All tire manufacturers have to follow the design guidelines set my TRA and ETRTO for dimensions, like not exceeding the max overall diameter and overall width. Besides that, tires can range largely in width and diameter. That’s why some brand tires are so much width than others, making some tires easier to stretch (construction plays a role also of course)
I’m speaking from my field of experience.
@@ProjectPanda13 Ah okay, so per the regulatory bodies a 225 may not be the mathematically perfect flush fitment (compared to the wheel face & lip), but fits safely within the given range.
When you say tires can vary in size, are you talking about margainal differences within a specified size (i.e. 225/40 may actually be 220-230mm) or just the general different commercial sizes?
@@tcb_666, for the dimension size difference, a Michelin Pilot Sport 225/40r18 but be 640mm in diameter, while a Bridgestone Potenza in the same nominal size might be 235mm in diameter. The design center from ETRTO for a 225/40r18 is 637mm for diameter with a max diameter of 647mm diameter.
It’s the same for the width. It can range between tires as long as it’s under the max a value.
@@tcb_666Bro you are completely right, don't like people confuse you! 😂 The are using the MINIMUM WIDTH for a 8.5 wheel not the IDEAL/SMART/FUNCTIONAL width.

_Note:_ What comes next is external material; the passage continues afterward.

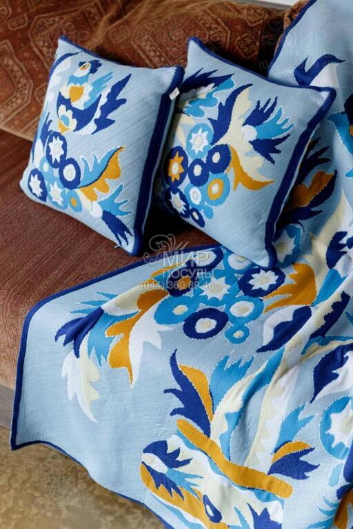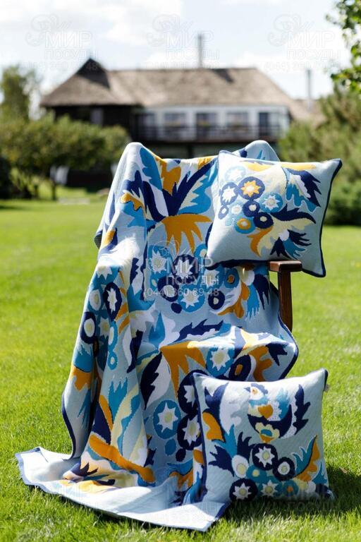 Вязаный плед от украинского производителя Прованс несомненно порадует своего обладателя. Плед можно использовать как предмет интерьера, накрывая мебель, а также как одеяло для дневного сна или отдыха. Плед в украинском стиле Самчиковские мотивы с коллекции Наследие - тепло, берущее начало в сердце Украины, история, родившаяся в украинских селах и городках, мастерских народных художников и на страницах старинных орнаментов. Самчиковская роспись - насыщенные синие, желтые и белые оттенки на нежном фоне, а цветочные композиции в вазах – это символ красоты, гармонии и благосостояния, который украшал дома Подолья и Волыни. Плед с этим орнаментом наполняет простор праздничностью и светом.

I gotta stick with my no name Walmart tires because nobody has both my sizes 🙃
What sizes do you run? Curious now
@@MartiniWorksOfficial 215/35r19 front
225/35r19 rear
Conti warranty program is not good.. its a reson why AMG(german) went to Michelin..(frensh) and not Continental tire(german)....
The Michelin man's name is Bib
the warranties are kinda a scam. I mean if you puncture your tire on a high hp car you typically should replace all 4 especially on AWD, so if you get 1 of em free I guess it might make sense. I always have sets of 3 and use em on cheaper 2wd cars when I have 2 of a kind.
20 minutes of tires and not a single mention of Fullway smh
Tire stats. Buffs & Debuffs
TBH...stance is overrated...
100% just swapped my lowered mx5 back onto stock suspension and it just drives so much better
Rubber? I hardly know her
No mention of date codes, or pressure and weight limit,and zero mention of speed ratings.
I COMPLETELY get that this vlog is probably geared towards the young adult who is either drifting, or stanced to hell...... BUT, your YT audience is and could be a lot bigger. A missed opportunity l would call this..... js
Knowing what you know about tires, how can you cater to these "stance" morons? "Gee, how can I make my car handle like crap and wear the inside in 1000 miles? That's what I want to do."